Un certain nombre d'établissements EHPAD présents dans cette salle sont des établissements qui sont gérés par des associations; des associations qui ont un projet associatif, qui ont une histoire, qui ont des convictions, qui ont fait preuve d'une certaine capacité militante, qui ont fait des choix idéologiques , peut-être confessionnels pour certains, bref, des institutions qui ont une histoire qui s'inscrit dans cette histoire là, de quoi sont-ils pilote aujourd'hui ou plus exactement est ce que ce qu'on attend aujourd'hui c'est qu'ils soient des prestataires de service répondant de façon de plus en plus standardidée à des modes opératoires, à des réglements, à des injonction ou à des bonnes pratiques dont ils ne seront absolument pas les auteurs;faut savoir qui pilote.
Guillaume évoquait tout à l'heure la triplette EHPAD - Médecin - Pharmacien; qui pilote aujourd'hui le projet de soins dans un établissement ? C'est le médecin coordonnateur; demain faudra-t-il, faut-il et sous quelle forme associer formellement les pharmaciens y compris s'ils sont en libéral à l'évaluation de ce projet de soins ou peut-être même à l'élaboration de ce projet de soins ?
Qui pilote ? Il faut bien que l'on se pose la question dans ces termes là et peut-être qu'on ait des outils de regard ou d'analyse de ce pilotage qui n'aient pas peur de ce qui peut froisser ou de ce qui peut fâcher.

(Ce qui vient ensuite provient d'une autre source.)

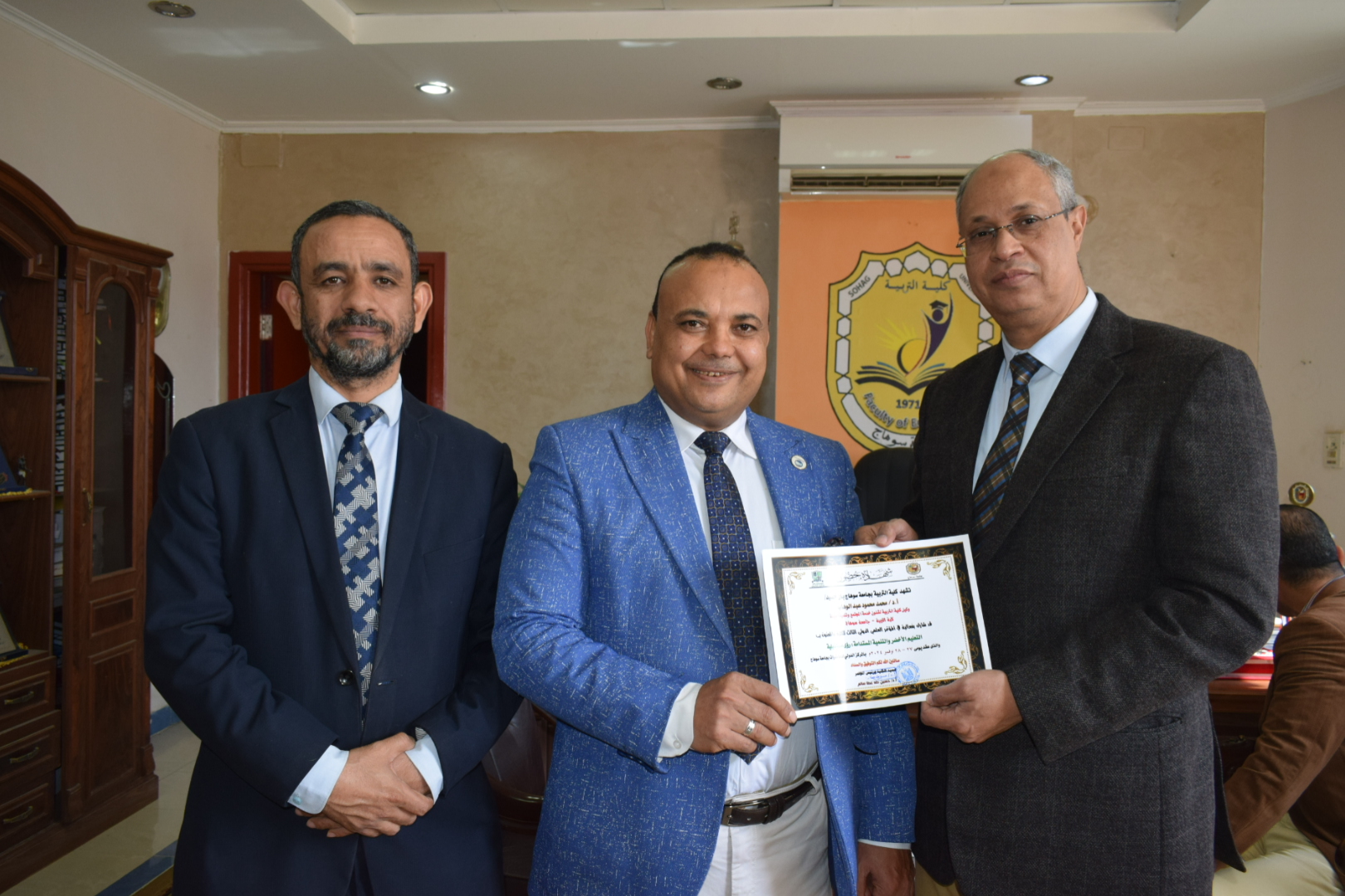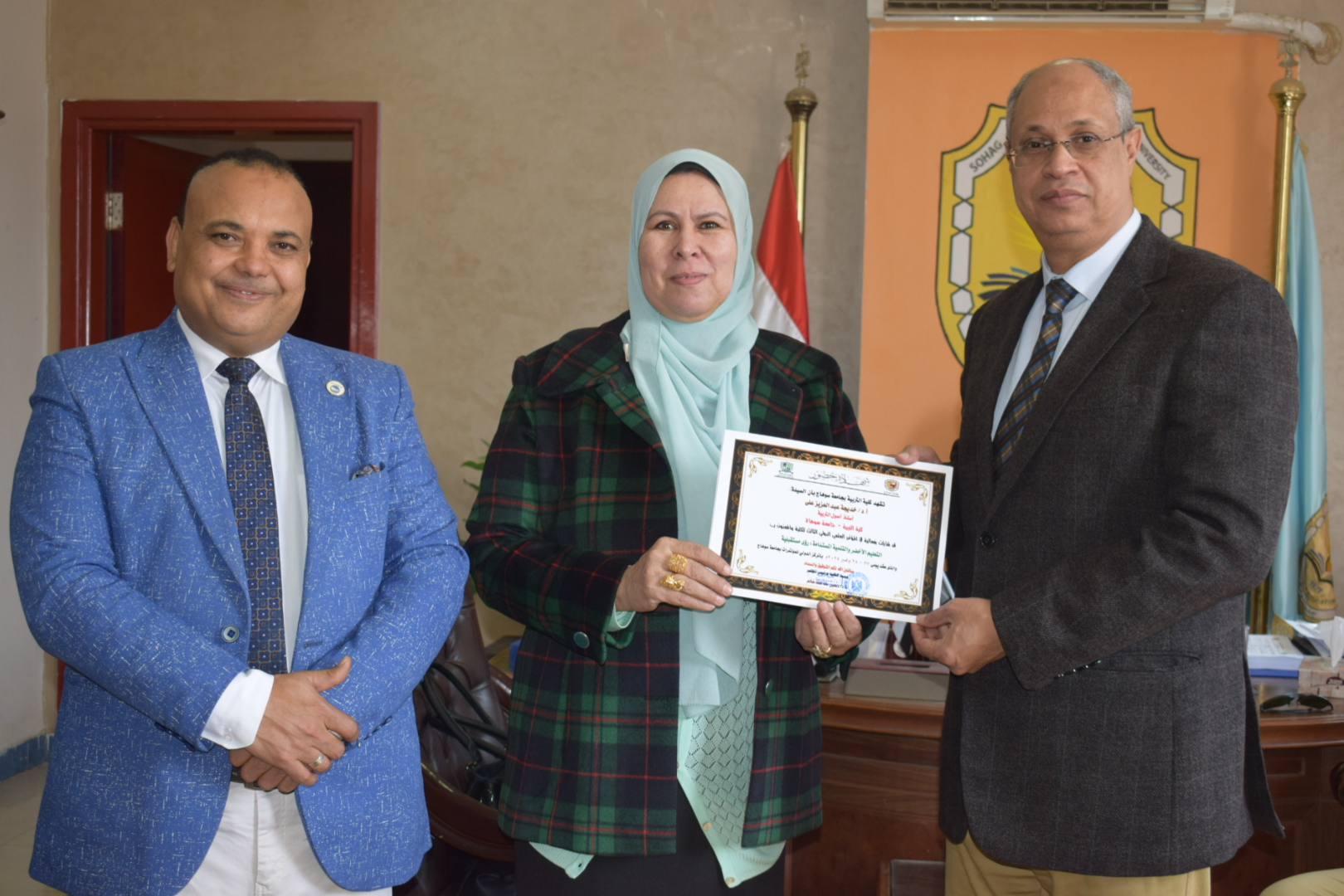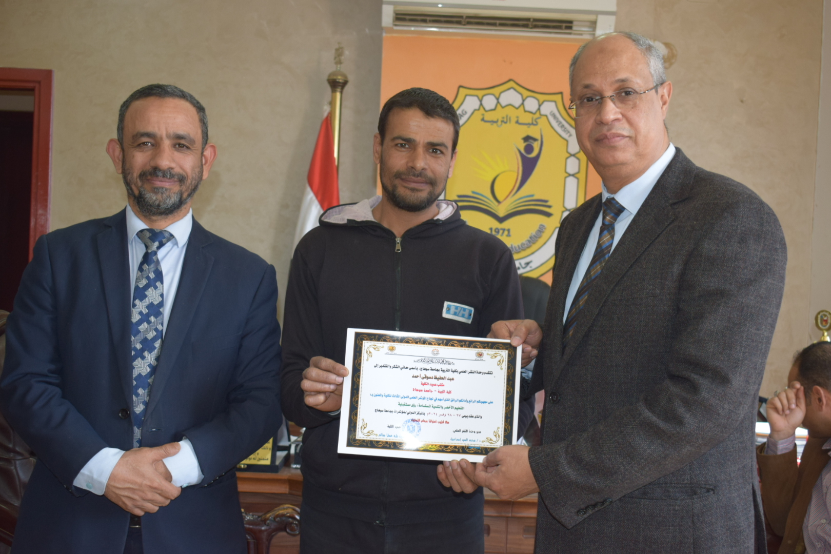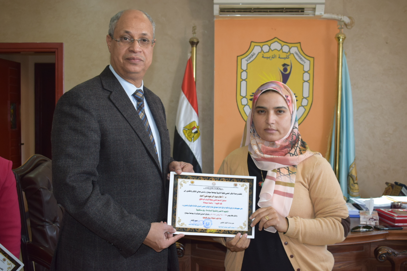 قام السيد أ.د/ حسين طه “عميد الكلية” بتوزيع شهادات حضور المؤتمر الدولي الثالث لكلية التربية بسوهاج بعنوان “التعليم الأخضر والتنمية المستدامة”
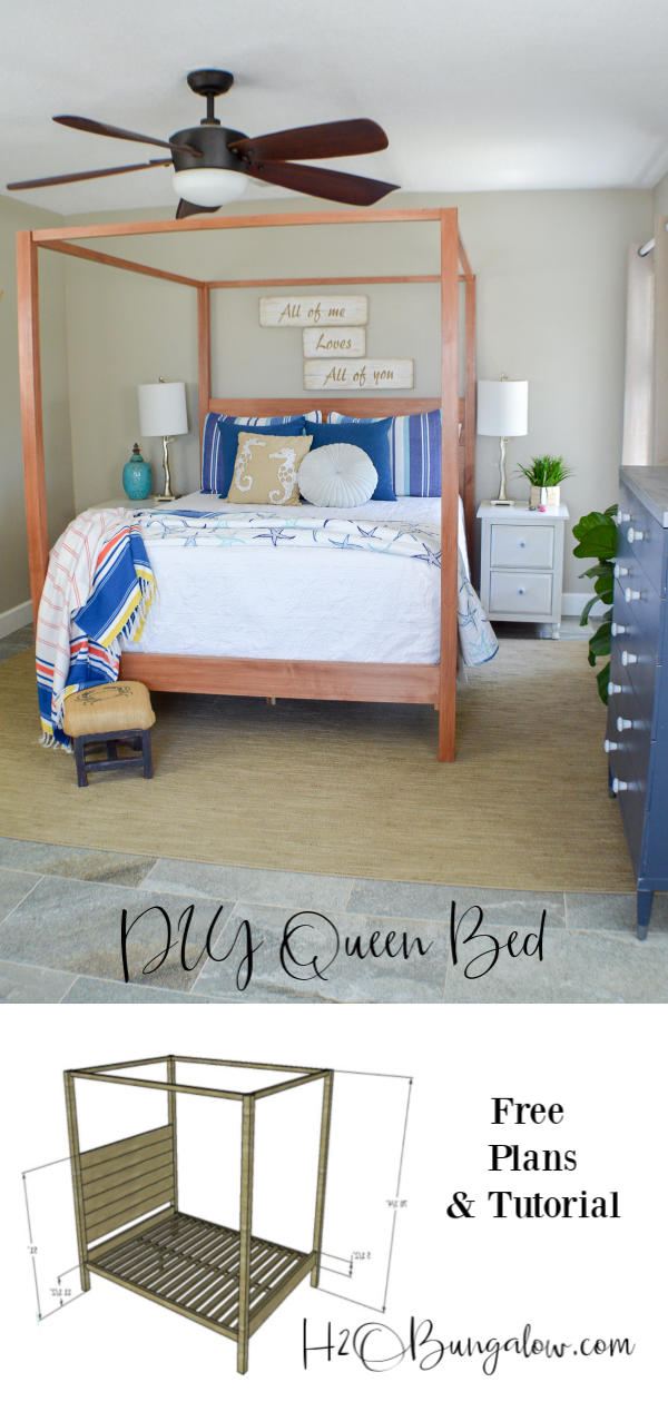 When I share a tour of our home with new friends, my DIY queen bed frame is always a show stopper. It’s a lot of fun to watch people say “No Way!”, you didn’t make that! It’s even more fun when Mr. Bungalow, aka sweet hubby beams with pride and says oh, yes she did!
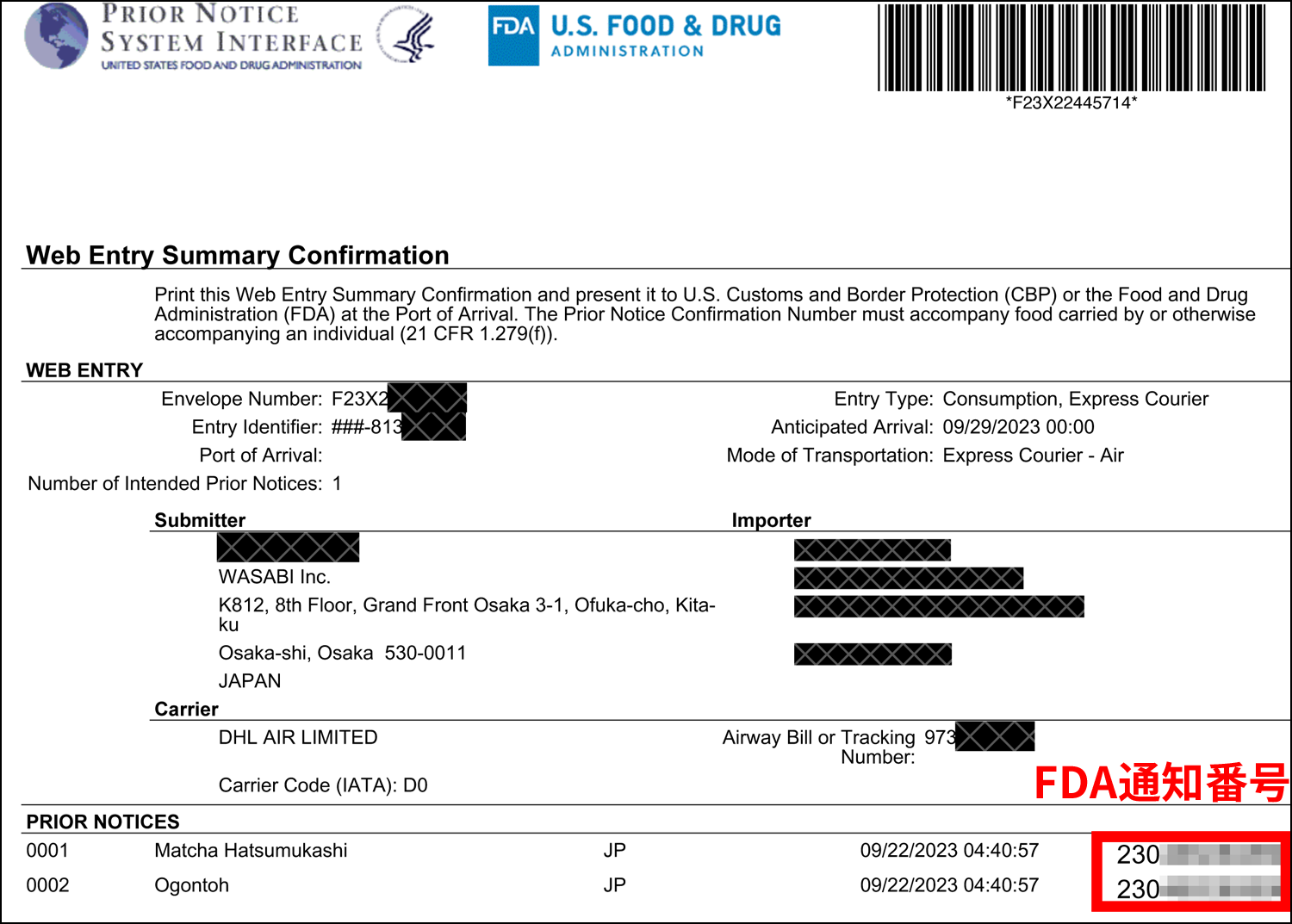 このFDAの事前通知確認書、AWB(航空貨物運送状)、インボイスを揃えて荷物に添付することで、食品の発送が可能になります。
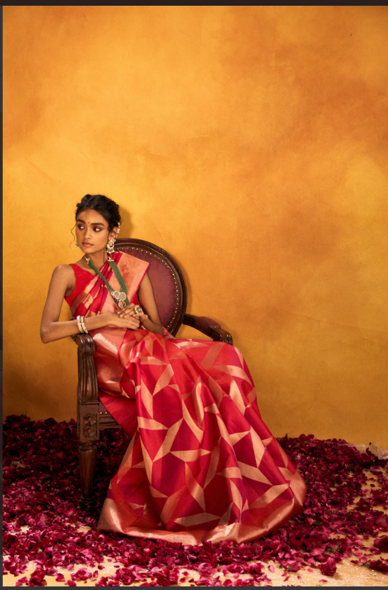 The lightweight organza fabric allows for an elegant, effortless drape, ensuring comfort without compromising on luxury. Perfect for a bride’s trousseau or a festive celebration, this saree embodies grace and femininity.
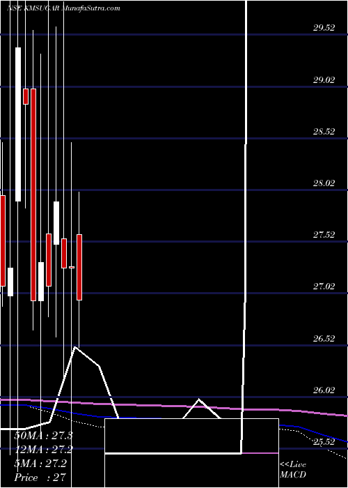 Volume Weighted Averaged Price (VWAP) for short term is 27.37 and KM KMSUGAR stock is trading below this level. This means that stock is falling with high volumes. VWAP is falling down
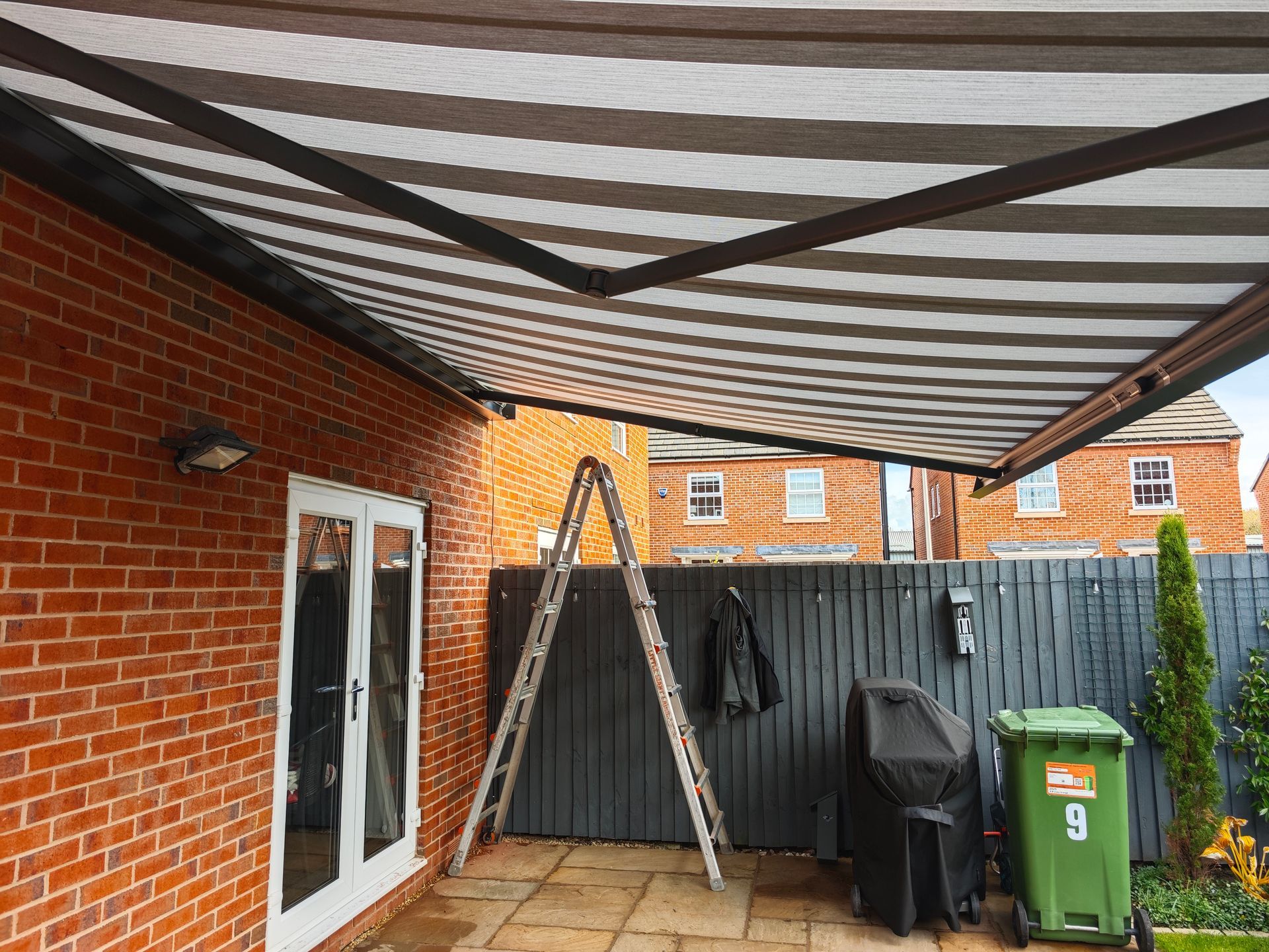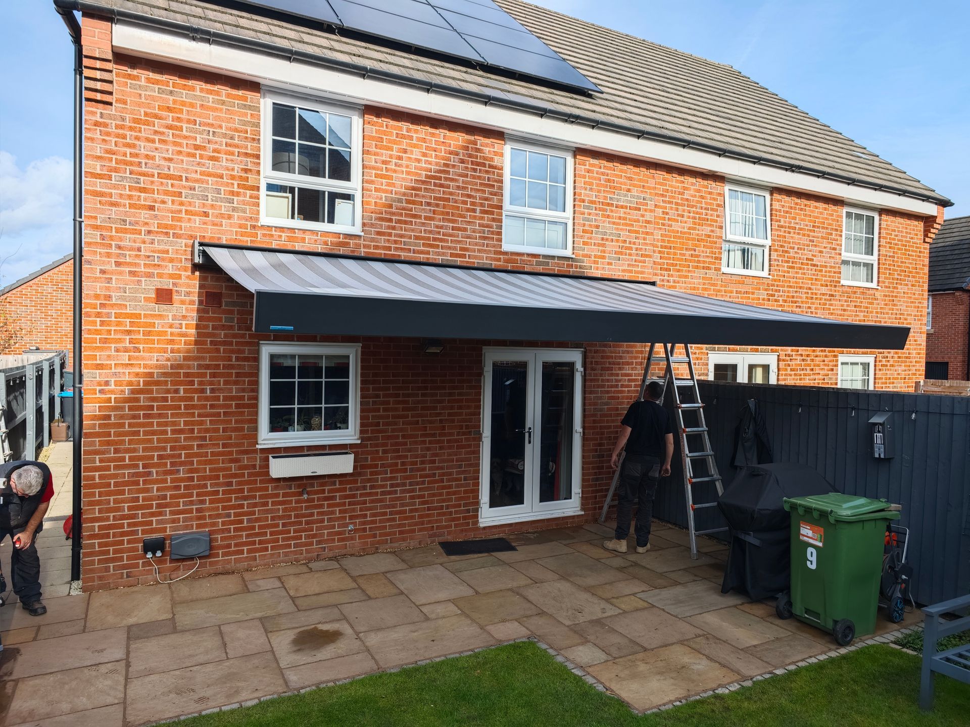 Weinor Kubata patio awning installed in Northwich. The awning was purchased to act as a sunshade for the interior and as a covering when the BBQ is used to provide cover for the sun and rain.
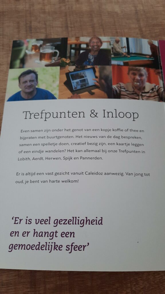 Elke dinsdagmiddag tussen 14.00 en 16.00 uur staat de deur van het dorpshuis open voor ’t trefpunt van Caleidoz. Onder het genot van een kopje koffie of thee kan het nieuws van het dorp en de dag worden besproken. Ook zijn er mensen die kaarten of een spelletje spelen. Iedereen is welkom van jong tot oud. Wees welkom! Je hoeft je niet aan te melden.
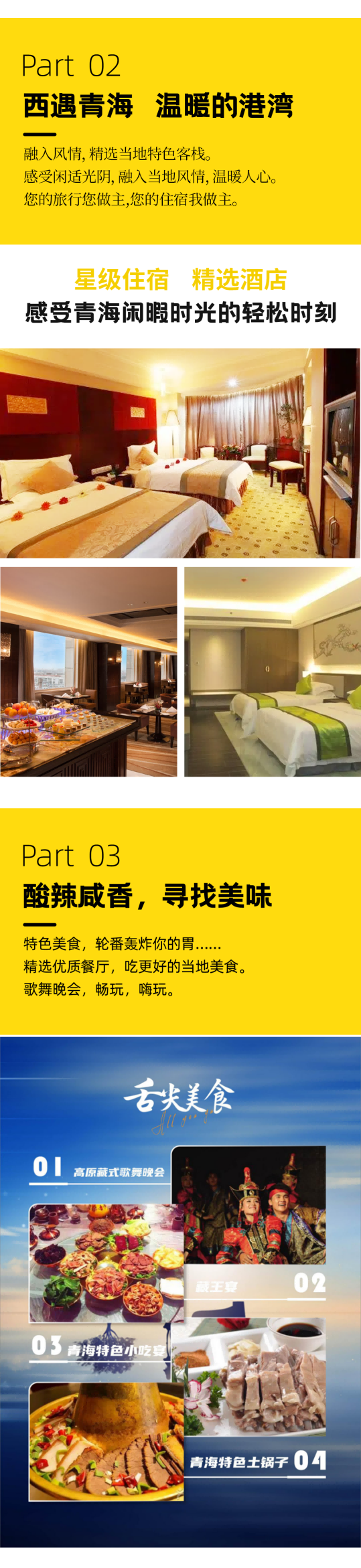 您还可以品尝到许多当地的美食。比如,藏王宴、青海特色土锅子等,这些都是青海地区的特色美食,口感独特,让您回味无穷。
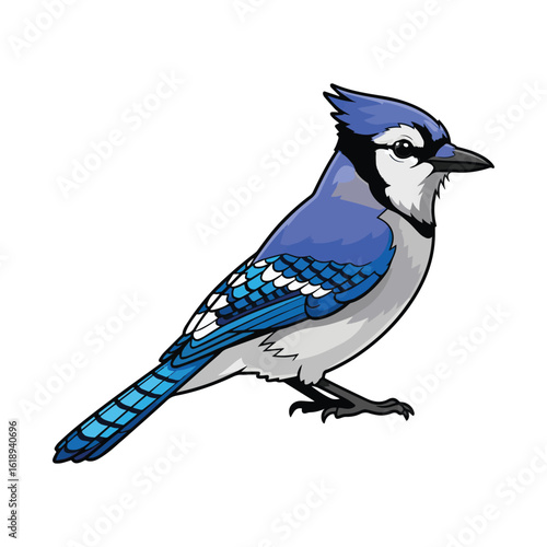 Vibrant Blue Jay Perched on a Branch with Detailed Feather Patterns

3- Aujourd'hui et c'est ma troisième question : 

Comment allons-nous faire la vérité ?

Nous sommes tous d'accord, moi le premier, pour proclamer que c'est bien évidemment l'intérêt du patient-résident ou du résident-patient que nous cherchons tous; notre action n'est orientée que dans cette direction; nous n'avons que cela à l'esprit; nous n'avons aucune autre préoccupation que celle-là;
C'est proclamé ? Tout le monde est d'accord ? Très bien mais le travail de vérité reste à faire ! Travail de vérité qui doit se faire dans la confrontation et la confrontation ce n'est pas un péché; on a le droit de ne pas être d'accord et de travailler et de chercher les solutions mais à la condition que nous ayons le courage, ou la lucidité de poser chacun notre propre inrérêt sur la table en disant : " oui, là c'est mon intérêt que je défend" parce que moi, directeur d'EHPAD, je préfère que les pharmaciens perdent un peu de pouvoir d'achat que moi, de perdre une aide soignante. C'est clair et si je suis pharmacien,je vais légitimement penser autre chose; nous ne traiterons pas, je crois, les affaires que nous avons à traiter ensemble sans faire un travail de vérité.
Je vous conseille un trés bon bouquin d'une philosophe qui s'appelle Chantal Delsol, dont je ne sais plus le titre du tout, mais il y a une phrase où elle dit : " Quand la quête du bien-être se substitue à la quête de la vérité, nous pouvons être inquiet de la manière dont l'idée même de droit de l'homme va pouvoir évoluer."